Caitlyn's rep has responded calling the rumors false.

Still, sex change regret is a real issue in the transgender community, and unfortunately the LGBT community attacks anyone who tries to go public regarding their de-transitioning or convince others that sex change surgery isn't the panacea so many claim. You can do a google search for "sex change regret" and find sites, articles, etc, and Caitlyn wouldn't be the first high profile person to be under this microscope.
Which is why very first step when someone experiences gender dysphoria MUST be counseling/therapy. Not to convince them to transition or not to transition, but to figure out what's going on.

As I so often say - a lot of people care more about championing the cause than the actual happiness and well being of those they purport to champion.
I forget what it pertained to, but I was in the comments section for a Dumbing of Age comic, and two trans people were talking about how they couldn't keep track of all the acronyms and weird terms that those people who were supposedly on their side kept creating and enforcing with harshness.

I was 15 when I first met a trans person online, so this was back in 2000. She created a web site with photos of her going through her transition and more importantly a HUGE question/answer page that was very informative. She wanted people to understand what all this was and what it meant to her.

I've interacted with several trans people since then and none of them have had the disgusting attitude that I see from the pretend-ally community on Tumblr. It's very obvious they have zero regard for the safety or well-being of the trans people they pretend to support; it's all about themselves, because as is the SJW mantra, "we're not here to educate."
 
Fortunately Title IX isn't a law, it's just a funding mechanism.
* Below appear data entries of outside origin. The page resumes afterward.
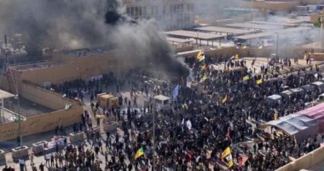 كان المحتجون بمحيط حرم السفارة قاموا بحرق عدد من البوابات ومراكز الحراسات للسفارة الأمريكية فى المنطقة الخضراء وسط بغداد، حيث وصل زعيما ميليشيا عصائب أهل الحق قيس الخزعلى، وزعيم ميليشيا بدر هادى العامرى أمام السفارة ونصب مناصرو "حزب الله العراق" خيام الاعتصام أمام مبنى السفارة، كما رفع المحتجون شعارات مطالبة بإغلاق السفارة وطرد السفير.
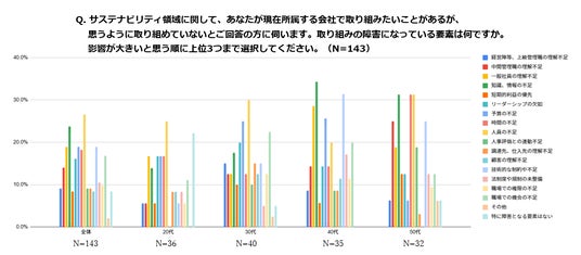 サステナビリティ領域に関して現在所属する会社で取り組みたいことがあるが思うように取り組めていないと回答された方々に対して、サステナビリティの取り組みの障害になっている要素をお聞きしたところ、年代によって異なる傾向が現れました。
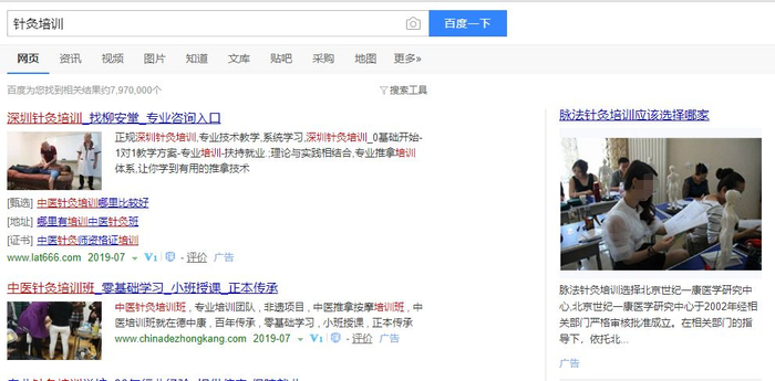 记者在某搜索引擎输入“针灸培训”的字眼,搜索出了近八百万个结果。其中不少培训机构号称开设了针灸速成班,不乏一些3到4天包会之类的宣传口号。

If you don't follow the federal rules, you don't get the federal dollars. So states are still free to decide, though of course they could still face discrimination lawsuits, and they will lose some funding, but this is a "carrot" situation rather than a "stick" situation.

We will have to wait and watch the lawsuits currently in process to see whether the executive branch's decision to expand title ix to orientation and gender identity is valid without new legislation. I feel it would be better for congress to write the laws explicitly rather than people expanding their meaning without oversight, but the supreme court has started to expand other similar laws in similar ways, so it may not matter.

Constantly expanding government, removing rights from states and local governmental units. Not a good plan in the long run, but it sure makes some people happy to see their views and beliefs forced on others via governmental decree.
 
It looks to me that anything your goverment do about something will be seen as forcing belief on others.
Which is why a lot of people prefer limited government, and allowing the people to govern and compromise themselves, rather than having the government come in and mandate a winner and a loser.

Others prefer to be told what they can and can't do, and so want rulers to decree and dictate.

We already know how that sort of system works out, and if we continue going down that path with the government controlling and taxing more of society then even those who are happy now to have their beliefs promoted will be unhappy as they find the natural course of this path turns against them as well.
 
What does it mean to you "govern themselves"? It makes no difference to me if your rules come from the state government or from the federal government. Still those rules are forcing something on someone.
 
What does it mean to you "govern themselves"? It makes no difference to me if your rules come from the state government or from the federal government. Still those rules are forcing something on someone.
Yes, but what's most important is that the minority be forced to confirm with the majority. By force of law, if necessary.